[Source records]
────────
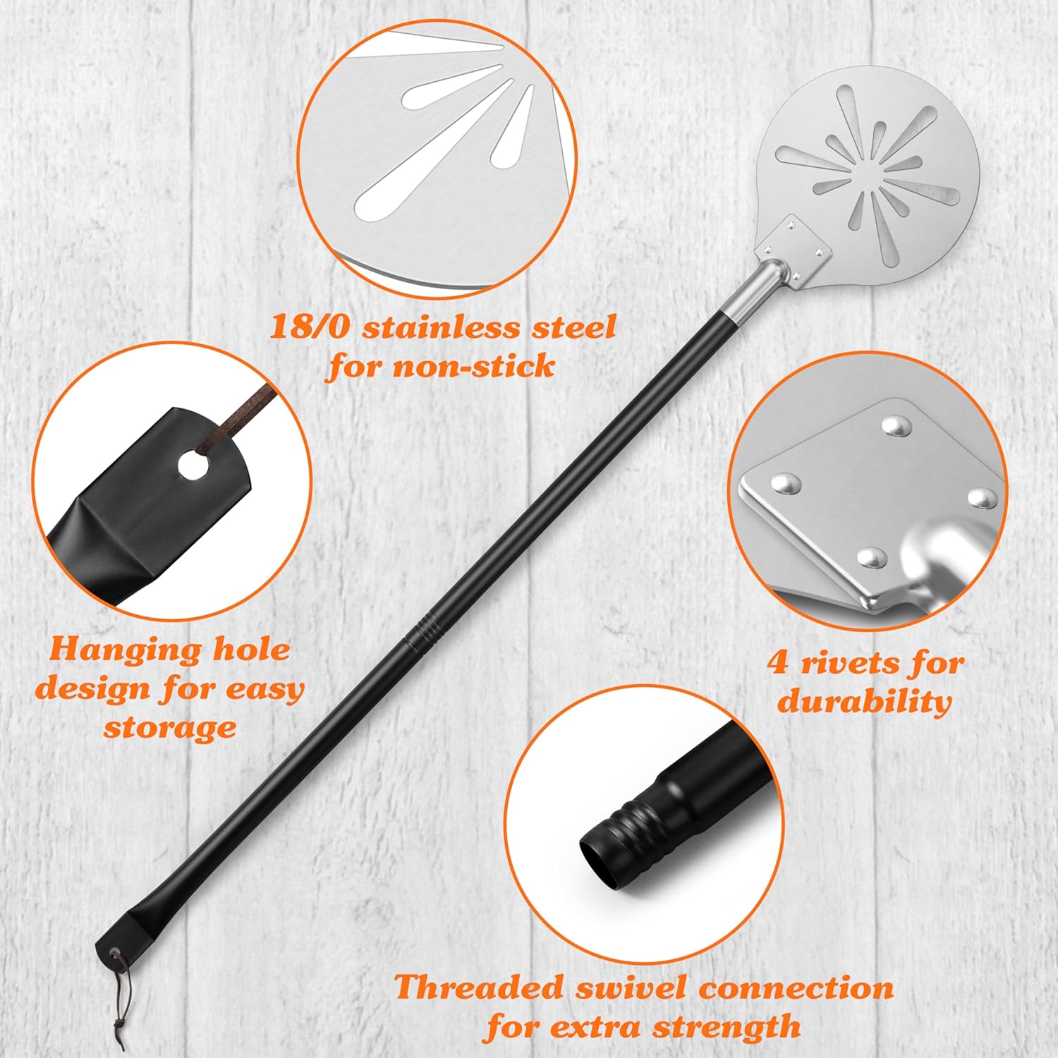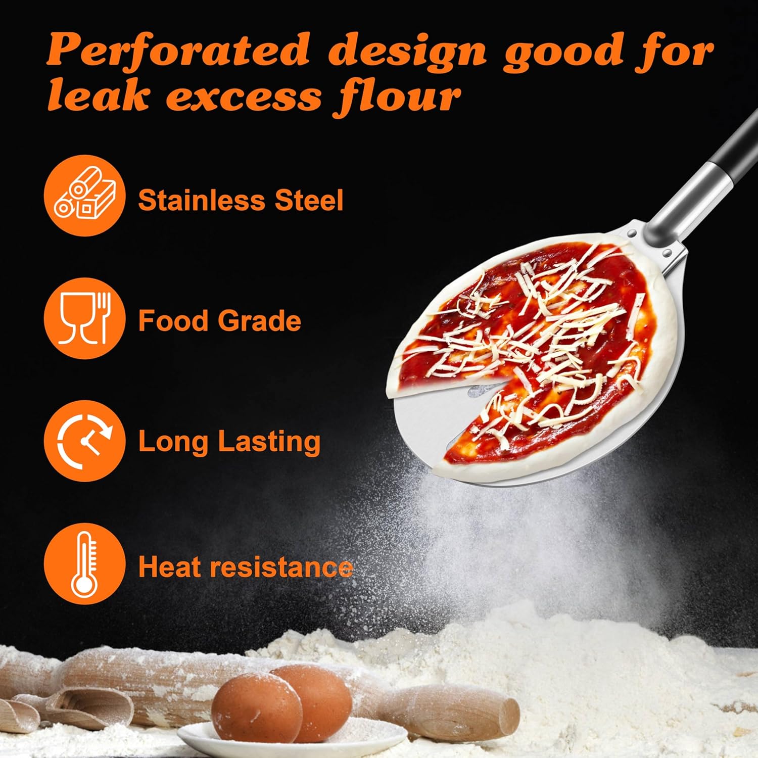 Unique Design with Holes: Teardrop-shaped holes can effectively leak off excess flour during transferring pizza, avoiding the accumulation of flour on the bottom of pizza, making pizza more crispy and the bottom will not become wet and soft due to too much flour, Pizza turning peel handle is fixed by the thread rotation on the steel tube, stronger than the traditional riveting process and reduces the problem of handle loosening
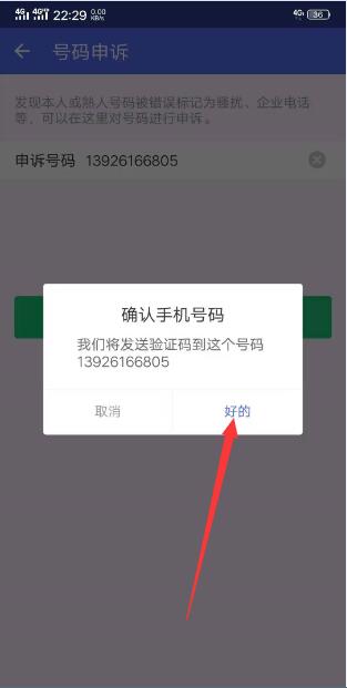 9、提示会发送 验证码到申诉号码手机上,直接点击 “好的”
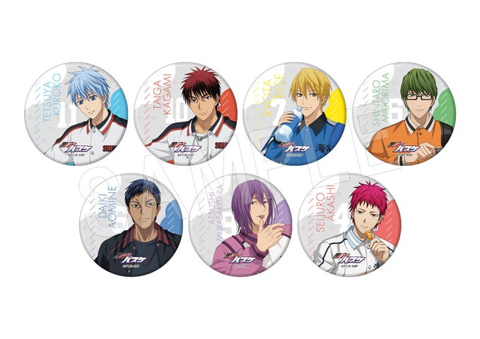 「黒子のバスケ」の新作グッズが「AnimeJapan 2024」で登場!7人のキャラクターが描かれたアクリルスタンドやマット缶バッジなどが販売されます。
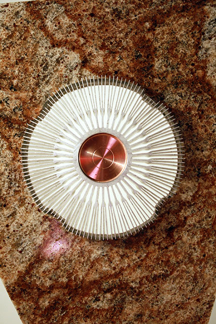 This piece is made entirely from "found objects." The granite was rescued from the discard pile behind a granite countertop fabricator's shop; the inlaid heat sink was from a discarded pentium computer. The voids in the heat sink allow incident light to pass through the tilted granite illuminating the space behind the sculpture.
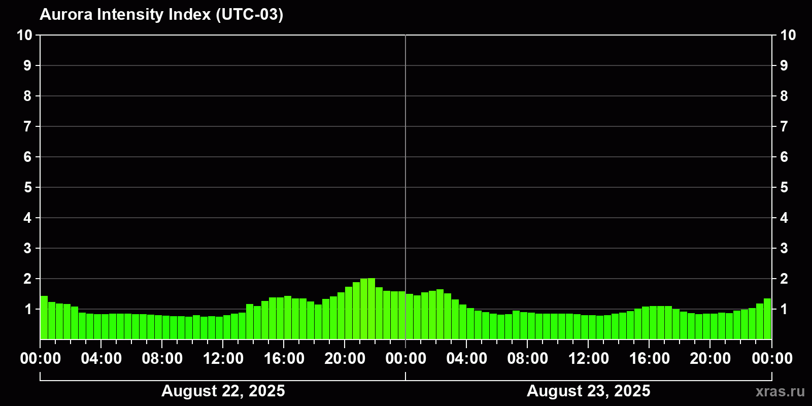 Auroral intensity index and the theoretically possible latitude of observations for nighttime in the Western Hemisphere as of 2025-08-23 23:55 (end of day) local time
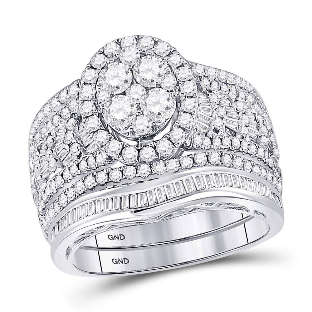 14kt White Gold Womens Round Diamond Oval Bridal Wedding Engagement Ring Band Set 2.00 Cttw
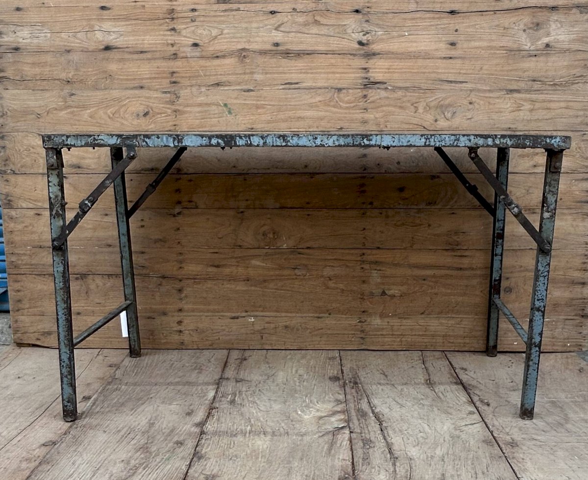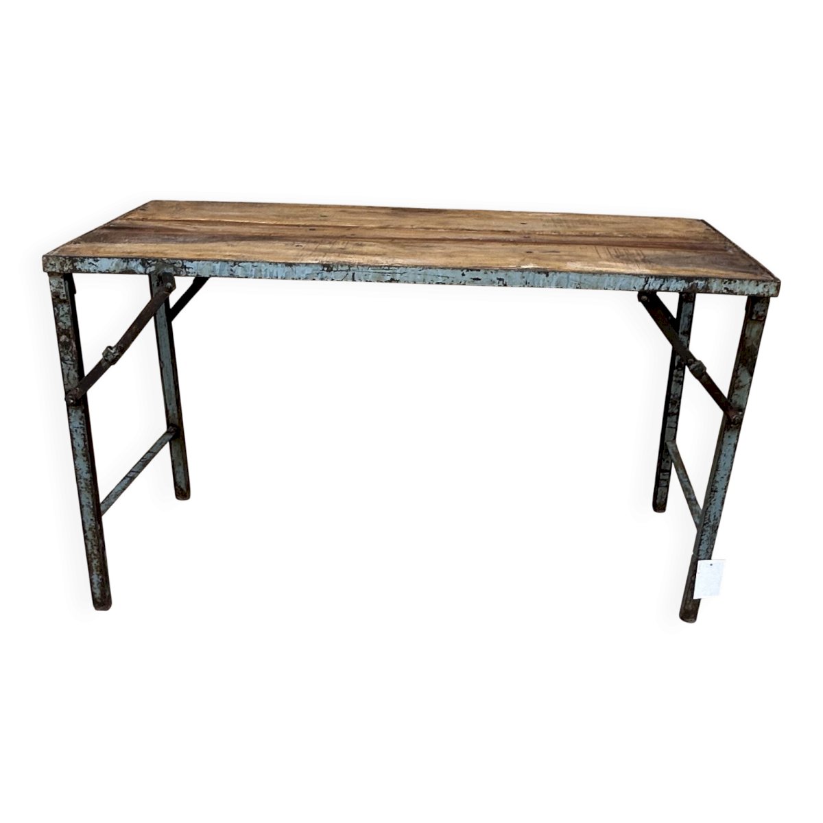Table datelier pliante structure métal avec plateau en teck massif Industriel Bleu
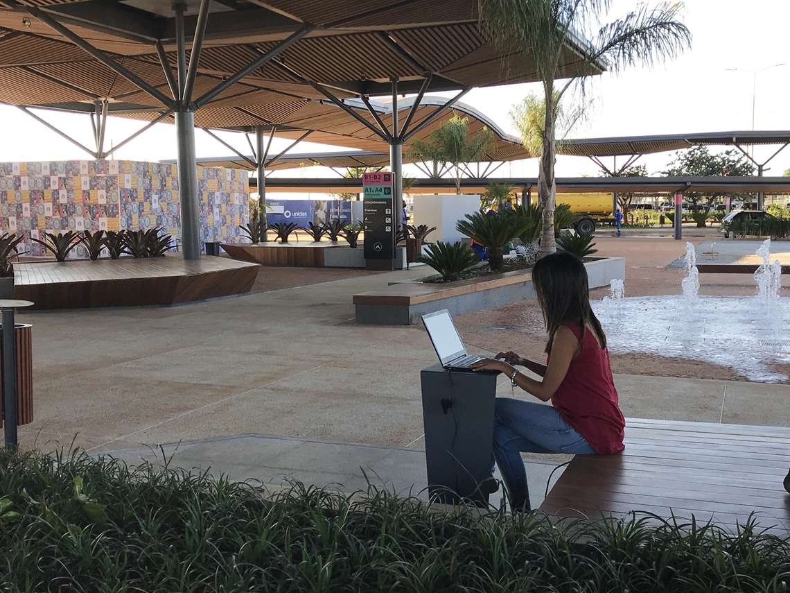 Uma praça com mesas de trabalho de ferro, bancos de descanso com tomada para carregar o celular e parquinho para crianças, rodeada por cafés, lanchonetes e restaurantes, tudo os sob ipês amarelos típicos de Brasília. Assim é o espaço de conveniência e mobilidade instalado no Aeroporto Internacional de Brasília, que tem vias exclusivas para carros chamados por aplicativo e para vans de locadoras e que, nos próximos meses, vai passar a abrigar marcas multinacionais como Starbucks e Dunkin’.
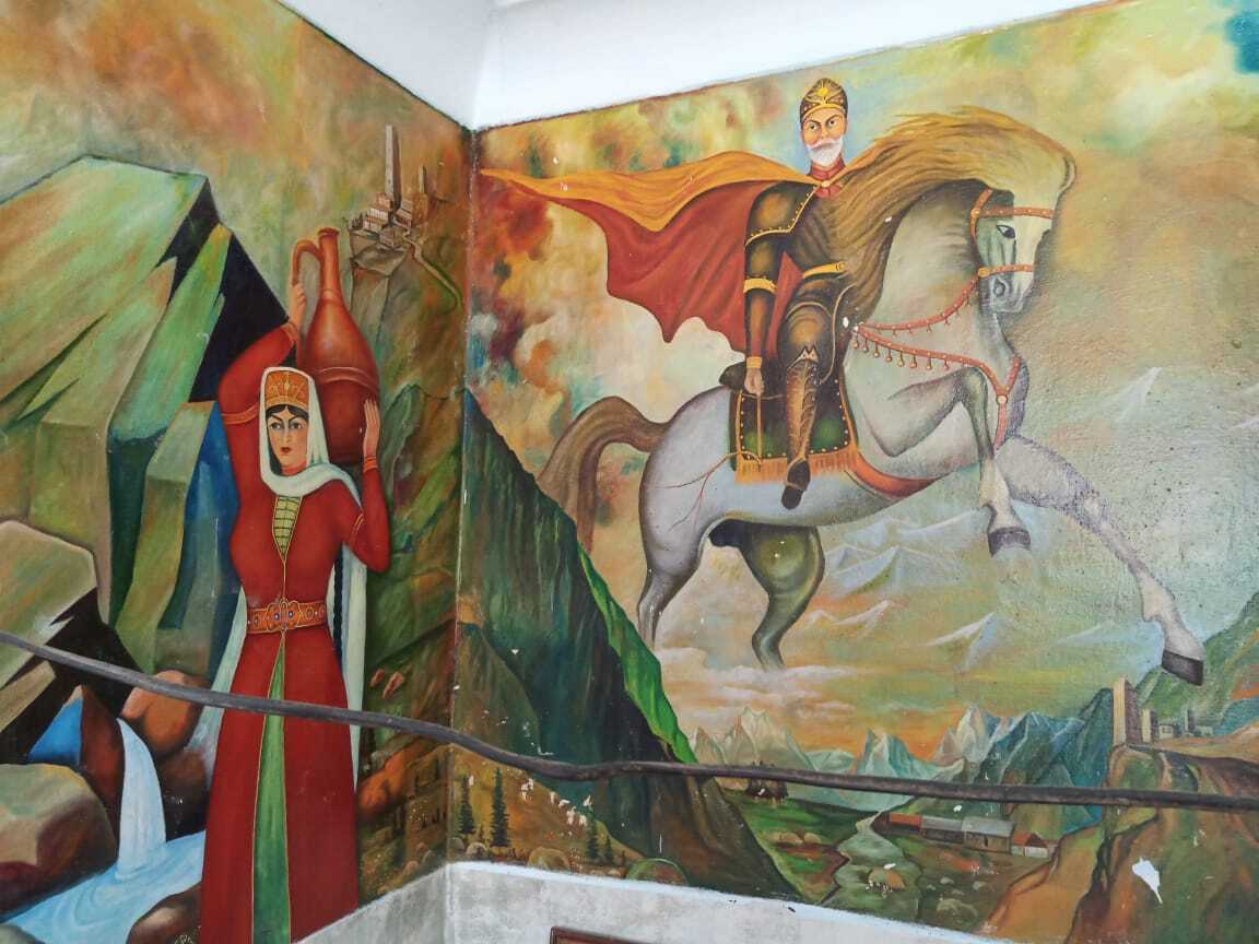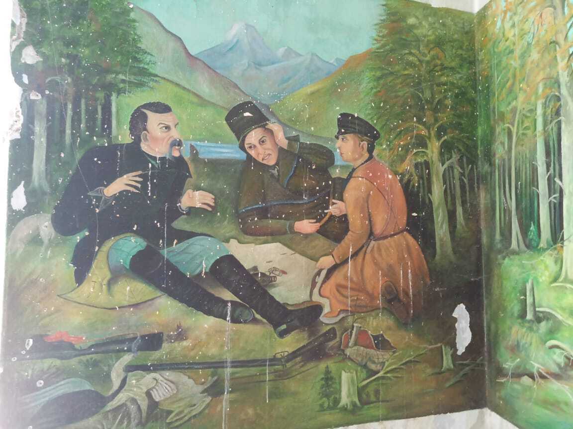 но сейчас хотел рассказать о другом - на выходные опять оказался в Садоне, поехали с семьей по горам погулять и заехали. есть там что-то притягательное. в одном из домов нам показали квартиру, где жил художник-самоучка Владимир Дарчиев. днем он работал на шахте, а по вечерам писал картины, причем на стенах своей квартиры в том числе. и писал очень неплохо для самоучки. вот этими картинами и хочу поделиться. на них пейзажи, известные осетины, родня художника и репродукции известных картин.
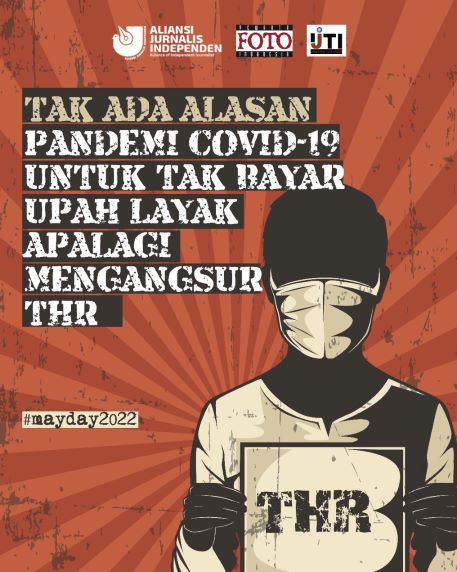 Maka pada peringatan May Day 2022 kali ini, Aliansi Jurnalis Independen (AJI) Indonesia, Ikatan Jurnalis Televisi Indonesia (IJTI), Pewarta Foto Indonesia (PFI) sebagai organisasi profesi jurnalis, serta LBH Pers meminta perusahaan tidak menjadikan pandemi Covid-19 sebagai alasan untuk menunda atau tidak membayar THR, tidak memberikan upah layak, dan melakukan PHK terhadap buruh media.
────────
_AIM OF THE TASK_.
This calls for each record above to be set down exactly, with the images skipped.

_RESPONSE BELOW_.
 Unique Design with Holes: Teardrop-shaped holes can effectively leak off excess flour during transferring pizza, avoiding the accumulation of flour on the bottom of pizza, making pizza more crispy and the bottom will not become wet and soft due to too much flour, Pizza turning peel handle is fixed by the thread rotation on the steel tube, stronger than the traditional riveting process and reduces the problem of handle loosening
 9、提示会发送 验证码到申诉号码手机上,直接点击 “好的”
 「黒子のバスケ」の新作グッズが「AnimeJapan 2024」で登場!7人のキャラクターが描かれたアクリルスタンドやマット缶バッジなどが販売されます。
 This piece is made entirely from "found objects." The granite was rescued from the discard pile behind a granite countertop fabricator's shop; the inlaid heat sink was from a discarded pentium computer. The voids in the heat sink allow incident light to pass through the tilted granite illuminating the space behind the sculpture.
 Auroral intensity index and the theoretically possible latitude of observations for nighttime in the Western Hemisphere as of 2025-08-23 23:55 (end of day) local time
 14kt White Gold Womens Round Diamond Oval Bridal Wedding Engagement Ring Band Set 2.00 Cttw
Table datelier pliante structure métal avec plateau en teck massif Industriel Bleu
 Uma praça com mesas de trabalho de ferro, bancos de descanso com tomada para carregar o celular e parquinho para crianças, rodeada por cafés, lanchonetes e restaurantes, tudo os sob ipês amarelos típicos de Brasília. Assim é o espaço de conveniência e mobilidade instalado no Aeroporto Internacional de Brasília, que tem vias exclusivas para carros chamados por aplicativo e para vans de locadoras e que, nos próximos meses, vai passar a abrigar marcas multinacionais como Starbucks e Dunkin’.
 но сейчас хотел рассказать о другом - на выходные опять оказался в Садоне, поехали с семьей по горам погулять и заехали. есть там что-то притягательное. в одном из домов нам показали квартиру, где жил художник-самоучка Владимир Дарчиев. днем он работал на шахте, а по вечерам писал картины, причем на стенах своей квартиры в том числе. и писал очень неплохо для самоучки. вот этими картинами и хочу поделиться. на них пейзажи, известные осетины, родня художника и репродукции известных картин.
 Maka pada peringatan May Day 2022 kali ini, Aliansi Jurnalis Independen (AJI) Indonesia, Ikatan Jurnalis Televisi Indonesia (IJTI), Pewarta Foto Indonesia (PFI) sebagai organisasi profesi jurnalis, serta LBH Pers meminta perusahaan tidak menjadikan pandemi Covid-19 sebagai alasan untuk menunda atau tidak membayar THR, tidak memberikan upah layak, dan melakukan PHK terhadap buruh media.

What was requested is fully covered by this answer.